#### [GOAL OF THE EXERCISE]
Write out, word for word and with no pictures, each line below from the one containing "山口県公立高校入試『英語』試験問題・解答(令和6年度・2024年度)" through the one containing "2017シーズンからZOZO", both included, and no other line.

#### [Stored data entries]
---*---
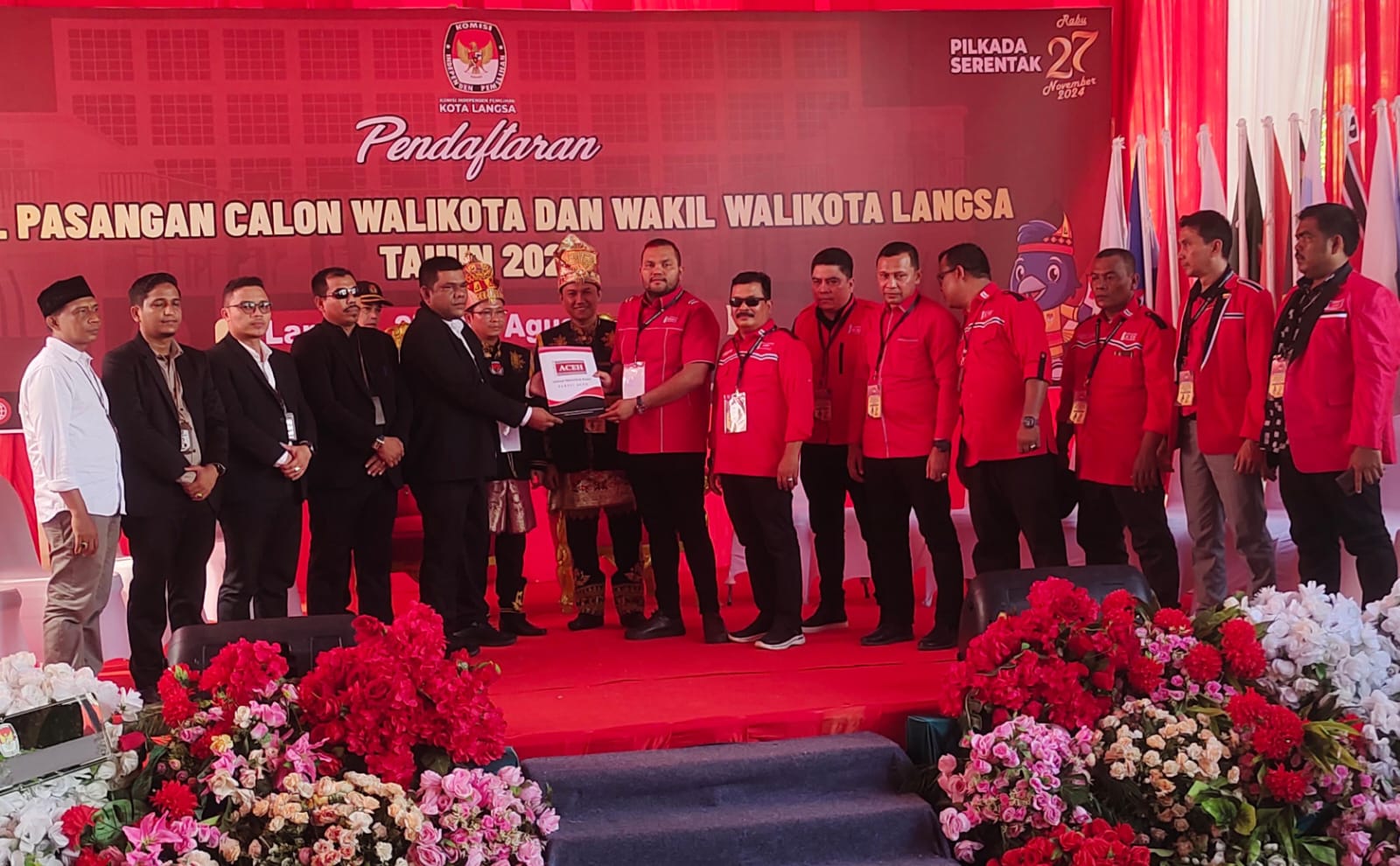 Selanjutnya dilakukan penyematan selempang oleh komisioner KIP Langsa, Komisioner KIP Langsa, Ridwan, ST, Dr (Chand) Bahtiar MA, Muhammad Al-Fadhal, M.Si dan Fauzan Rizal serta dipeusejuk oleh MPU Kota Langsa. Kemudian, Maimul Mahdi, S.Sos. MAP dan Nurzahri, ST menyerahkan dokumen pencalonan diri sebagai Wali Kota/Wakil Wali Kota Langsa pada Pilkada 2024 kepada Ketua KIP Langsa, Ridwan
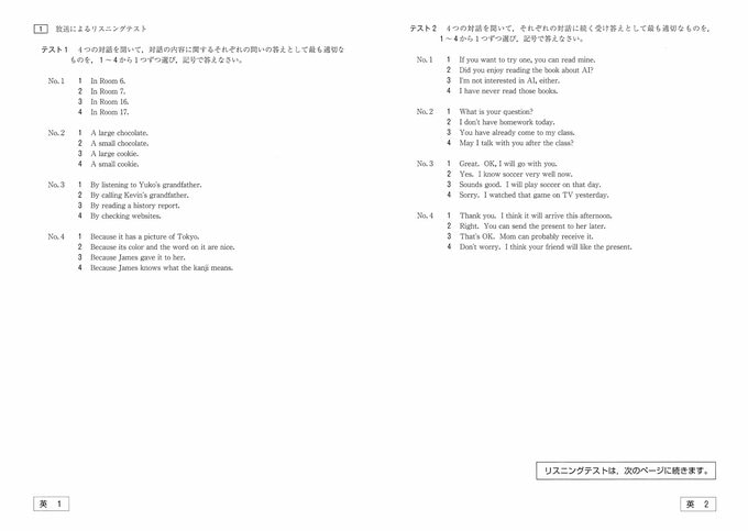 山口県公立高校入試『英語』試験問題・解答(令和6年度・2024年度)
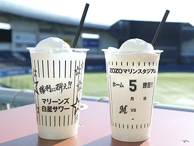 2017シーズンからZOZOマリンでマリーンズが勝利した日の試合終了後にだけ販売している「マリーンズ白星サワー」ですが、お子様も飲める白星ドリンクを販売して欲しいとのお声を多数いただきましたので、5月5日(金・祝)より「マリーンズ白星ソーダ」を販売します。マリーンズの勝利に、また勝ち試合の観戦記念に、是非「マリーンズ白星サワー(ソーダ)」で勝利を祝ってください!!
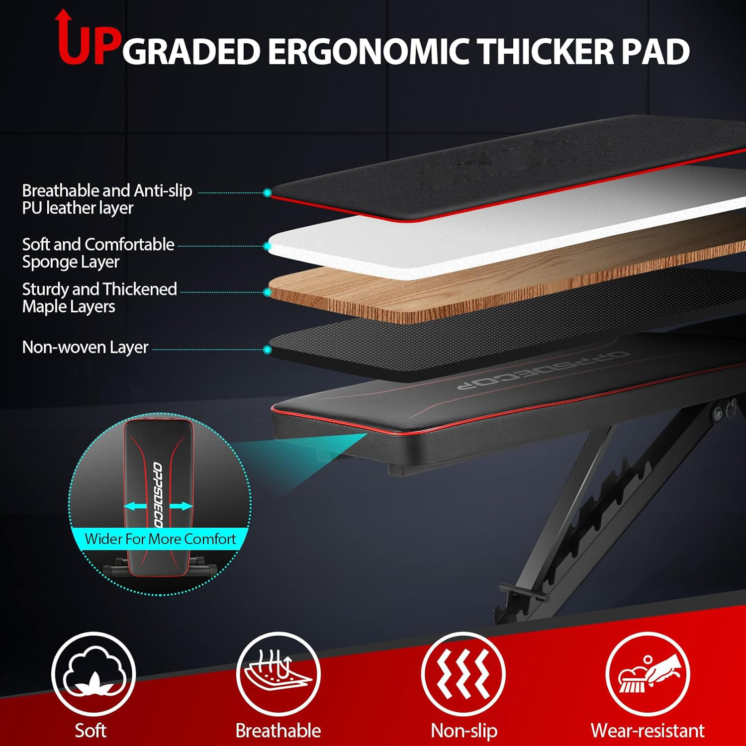 The KRISRATE Weight Bench features an ultra-wide stabilized base to eliminate wobbling during workouts. Built with high-quality steel for true 660lbs capacity, it offers 8 adjustable backrest positions for incline, flat, and decline exercises. The bench includes 4 high-density support foams, premium sweat-proof leather padding, and quick 3-pin folding for easy storage. Perfect for targeting all major muscle groups while saving space and gym costs.
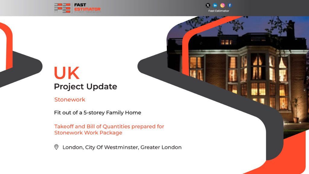 Accurate quantity takeoffs are the foundation of successful construction projects—especially when working with specialist trades such as stonework. Fast Estimator is pleased to share a UK project update involving the preparation of a detailed stonework takeoff and Bill of Quantities (BOQ) for the fit-out of a 5-storey family home located in Westminster, Greater London.
---*---
#### [SOLUTION FOR THIS EXERCISE]
 山口県公立高校入試『英語』試験問題・解答(令和6年度・2024年度)
 2017シーズンからZOZOマリンでマリーンズが勝利した日の試合終了後にだけ販売している「マリーンズ白星サワー」ですが、お子様も飲める白星ドリンクを販売して欲しいとのお声を多数いただきましたので、5月5日(金・祝)より「マリーンズ白星ソーダ」を販売します。マリーンズの勝利に、また勝ち試合の観戦記念に、是非「マリーンズ白星サワー(ソーダ)」で勝利を祝ってください!!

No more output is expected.